Another example would be a product called 'Creap'. I would like to, at this time, begin a poll and see what you all think something like 'Creap' could be, besides that person you have a restraining order against.
Hint: "Would you like some Creap in your Blendy?"

Wednesday, March 07, 2007

An Amazing Thought

I have just gotten that much cooler; not only do I live in Japan but I have now lived through an earthquake.
It started off as a normal day, teaching, planning, waiting for classes to begin, eating a few times, but it's now a day I don't think I'll forget for a while. My classes had just finished for the day and I was absolutely starving (having mostly salad for two meals in a day does that to you...) so I started rooting through my candy stash I keep in Kaila's room trying to find something to satisfy my belly. Then Kaila brought up the option of making baked apples that I voted for. We were just sitting on her bed finishing them up when one wall started shaking, then two, then the whole building. At first maybe I thought just a loud truck was driving by, but I soon realized I was sitting in a natural disaster. Kaila and I clutched onto each other, our eyes wide; if my face looked anything like her face I probably looked pretty scared. And then all at once it was over.
It is a weird feeling to suddenly realize everything you've thought was stable suddenly isn't; stability is something I think we all take for granted.

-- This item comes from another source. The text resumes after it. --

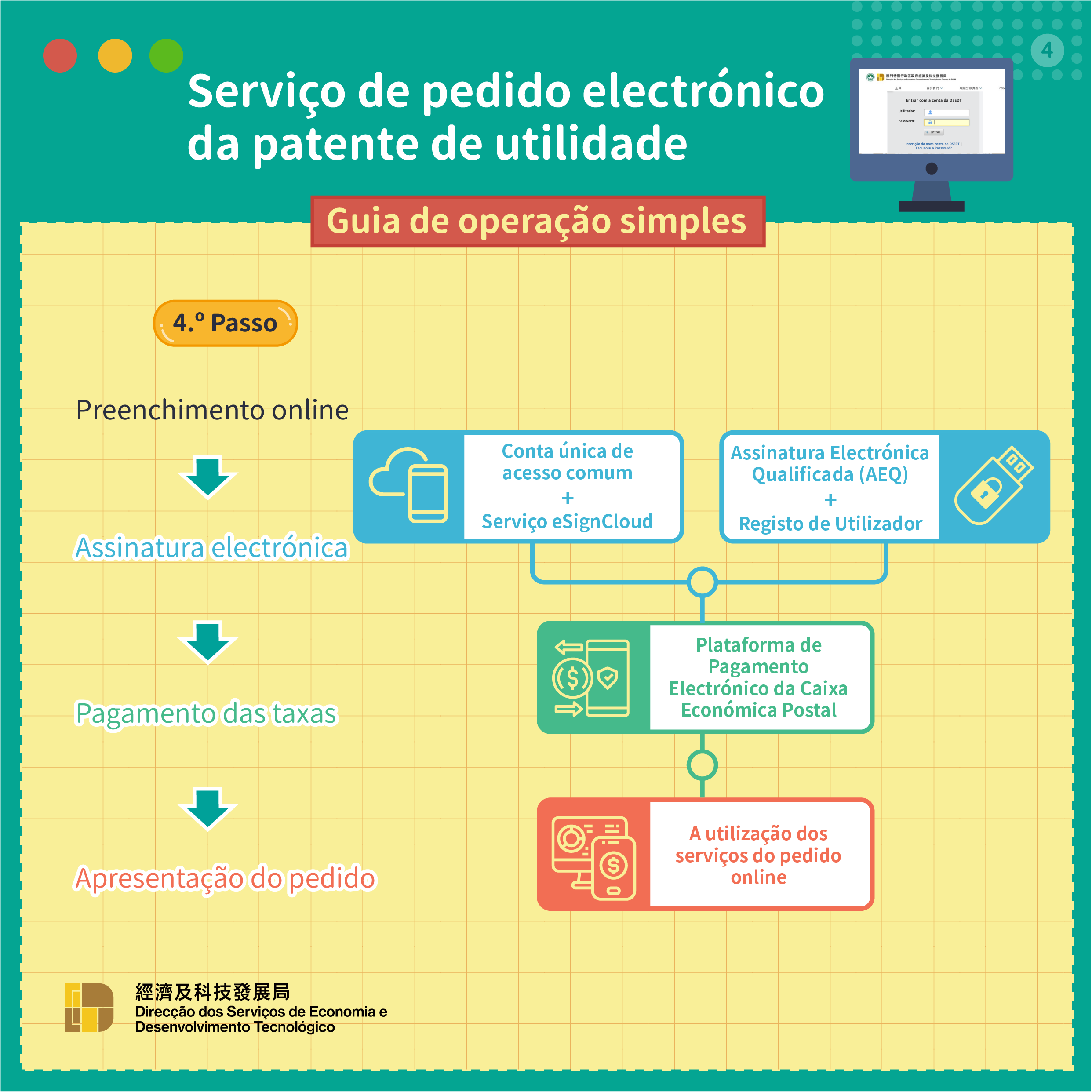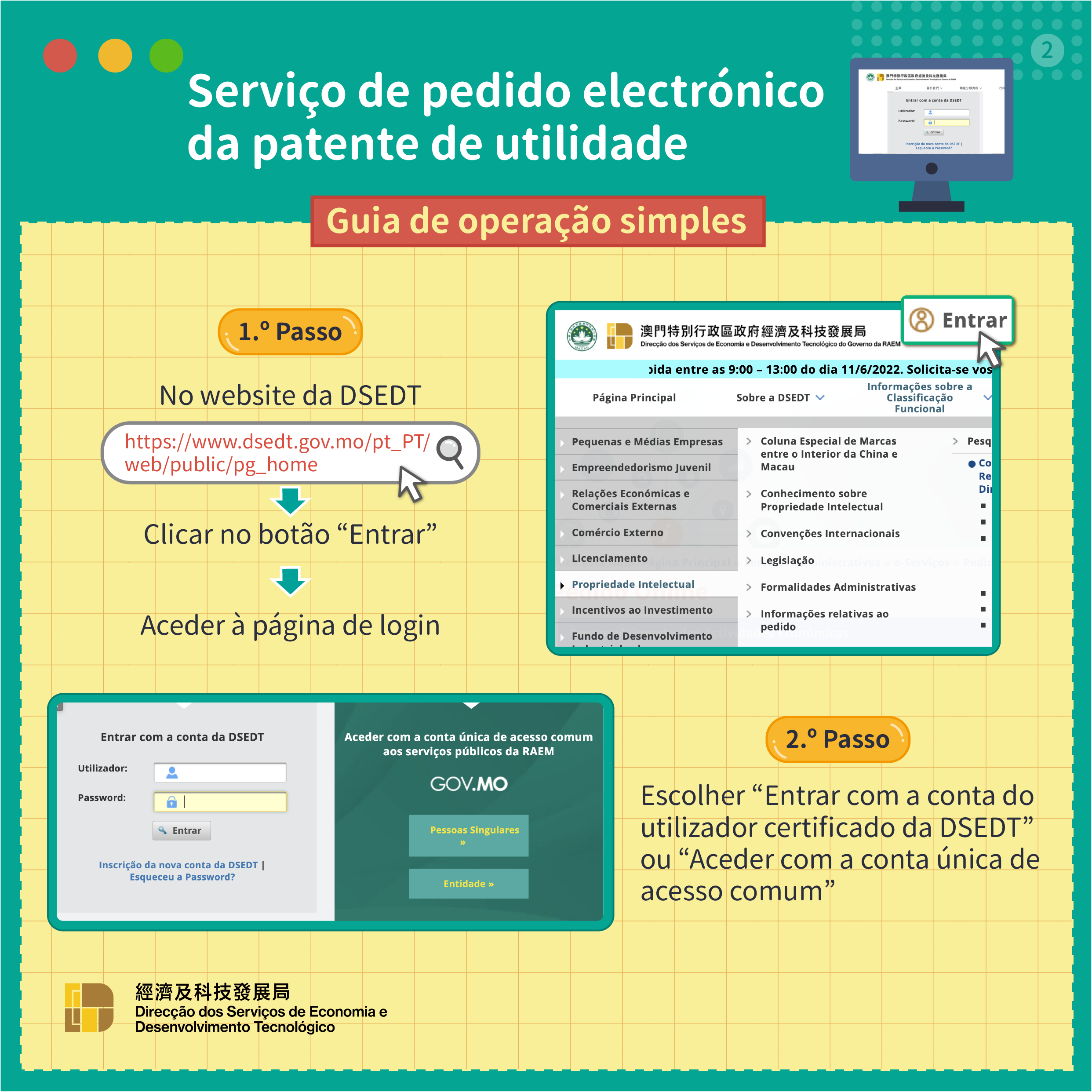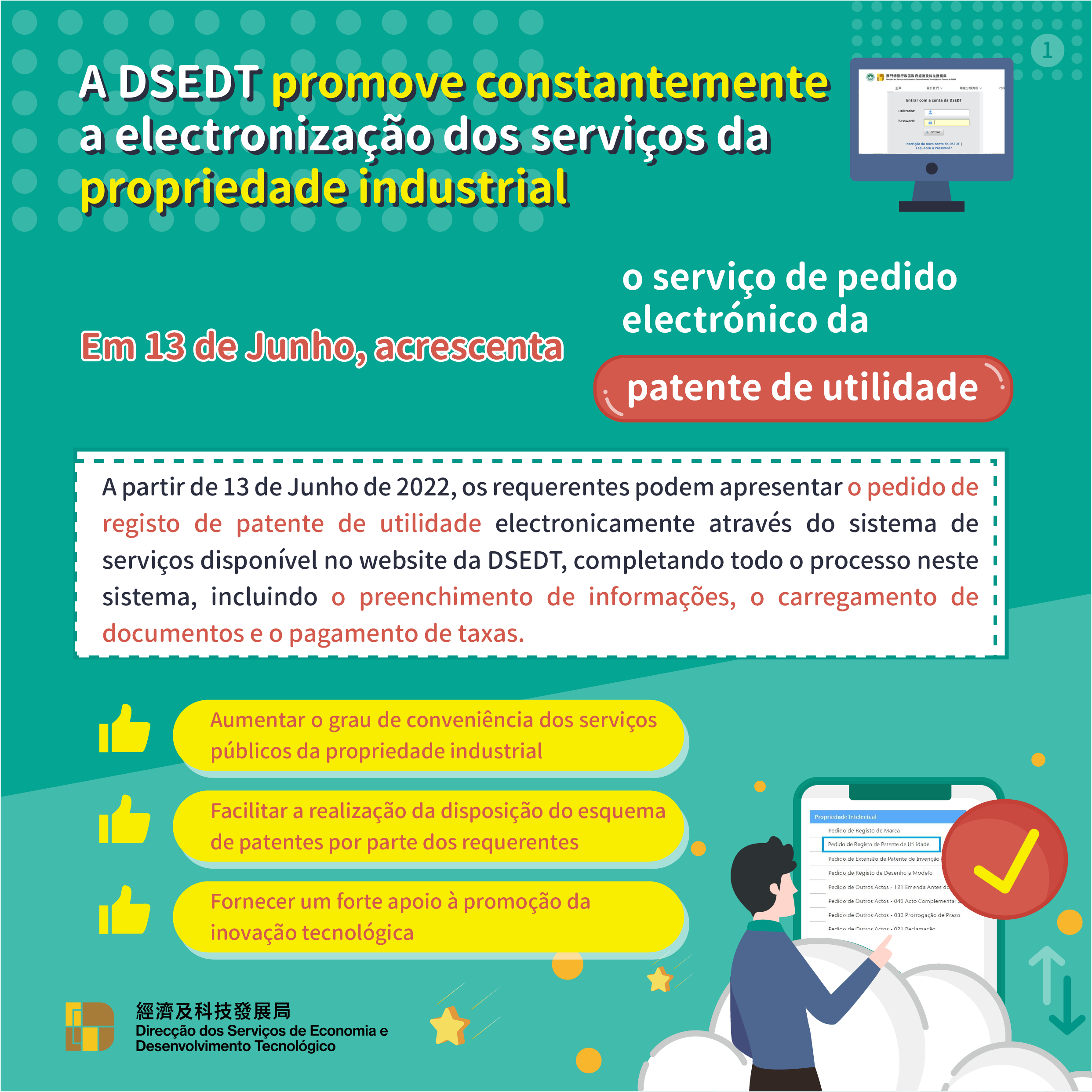 Para promover constantemente o desenvolvimento do governo electrónico, prestando serviços públicos de boa qualidade mais convenientes aos cidadãos e às empresas, a Direcção dos Serviços de Economia e Desenvolvimento Tecnológico (DSEDT) acrescentará, a partir de 13 de Junho de 2022, o “serviço de pedido electrónico da patente de utilidade”. Os requerentes podem apresentar os seus pedidos de registo de patentes de utilidade electronicamente através do sistema de serviços do website da DSEDT, e completando todo o processo, incluindo o preenchimento de informações, o carregamento de documentos e o pagamento de taxas.

It's easy to get lost in our own worlds, thinking we're in control, but that's really not the case; we live in a world that has a Sovereign God, and when he reaches his hand down into our world and exercises his power through things like earthquakes it makes you feel really small. And this God who controls every earthquake, who sees everything in the world and holds the universe in His hands knows me, little me, and loves me with everything He is.
That is simply an amazing thought.

Sunday, March 04, 2007

Not Much of Anything

I don't have anything particularily... particular anything...not much of anything to say.
I could write about how warm it is this year (last year at this time I was sleeping with eight blankets, as well as socks, long johns, sweats, about three shirts and a hoody and sometimes a touque and I was still cold, while this year I only have four blankts), how my classes are trucking on as normal (or not so normal because it's the start of the new school year in Japan and everything will be changing soon), how I'm still bringing new Japanese worship songs to the church and leading them every Sunday (I started a new one today that I had never heard before and I practiced it last night...sketchy...), how I just got back from Odate and I went to Baskin Robins again and got my same small double in a cup (the people who work in that store know who I am and they laugh at me every time I come), how my house is still gross and dirty (but Kaila agrees that there's a weird dust in this country that gets everything covered again right as soon as you clean), how I've been trying to write a song but it won't come out (I'm still frustrated even though I've come to realize they're not my songs and I really don't control the pace God decides to give them to me...), how I'm starting a Jeremiah correspondance course with CLBI tomorrow and there's so much work it's overwhelming (if I was doing school full time I think it would still take about two weeks to finish), how me and Kaila are going to the Toyomura's house tomorrow for okonomiyaki (they are my amazing Japanese parents who have decided they're coming to my wedding and doing a speech...not that I'm getting married anytime soon...and who are oh so close to getting baptized, thus declaring themselves as Christians in this country), how I've been speaking a lot of English lately and my Japanese is getting lost (this also is frustrating but I've noticed a pattern of intense learning and then platau-ing, so I'm hoping I'm on a platau)
... so like I said, I don't particularily have much to say (which might be a good thing because it's time for bed).